The underside line is that emotional consuming each helps and hurts. Right here’s a easy, but insight-provoking train you are able to do. Take a bit of paper, and:

  • On one facet, write down the methods through which utilizing meals emotionally serves you
  • On the opposite facet, write down the methods through which utilizing meals emotionally disserves you
The (perhaps) shocking advantages of emotional consuming

Whereas there are actual advantages to discovering non-food methods to deal with stress, boredom and feelings, it’s additionally necessary to contemplate What occurs when meals is now not necessary for consolation and soothing?

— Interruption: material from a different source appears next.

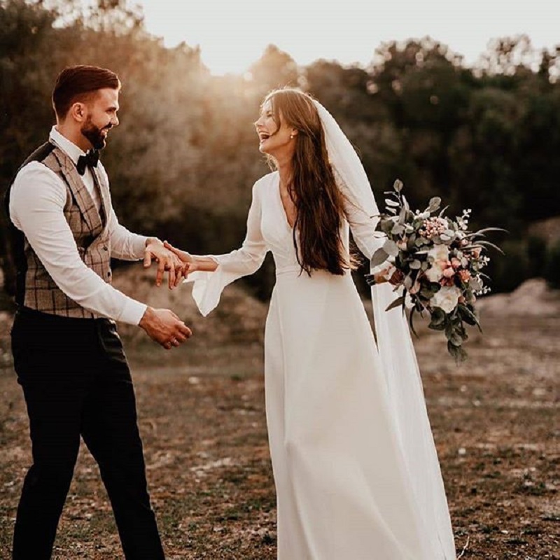 Long Sleeve Chiffon Wedding Dress V Neck Bridal Gown Custom Size

  • You don’t have the advantages of utilizing meals, which may be unhappy. Plus you’re caught experiencing your emotions.
  • And, these emotions could really feel stronger since you’re not protecting them up, which nudges some individuals to hunt counseling as a method to lastly course of them.

Apart from the truth that for some individuals, a number of the time, meals is the one device out there to make insufferable emotions really feel not SO insufferable, emotional consuming can have one other shocking profit—it could actually function a purple flag that one thing is occurring.

It may be a clue that your life is unbalanced with too many obligations, too little rest, or that one thing is simply not fairly proper for one more motive. It might appear unusual, however on this means, the urge to eat emotionally could be a present, should you discover the urge, then ask your self the am I hungry, what am I feeling, what do I would like questions.

As I discussed once I talked concerning the emotional consuming continuum, emotional consuming isn’t an issue if you use meals to nurture your self in a constructive, wholesome means. This contains selecting meals that really fulfill you, in addition to issues like hen soup if you’re sick or scorching cocoa when the climate exterior is dreary. It’s if you transfer down the continuum that it’s necessary to probe deeper about what’s occurring, bringing within the trifecta of compassionate self-awareness, curiosity and non-judgment.

Subsequent week, I’ll discuss Precept 8: Respect Your Physique.

This submit comprises Amazon Affiliate hyperlinks. As an Amazon Affiliate I earn from qualifying purchases.


Carrie Dennett is a Pacific Northwest-based registered dietitian nutritionist, freelance author, intuitive consuming counselor, creator, and speaker. Her superpowers embrace busting diet myths and empowering girls to really feel higher of their our bodies and make meals decisions that help pleasure, diet and well being.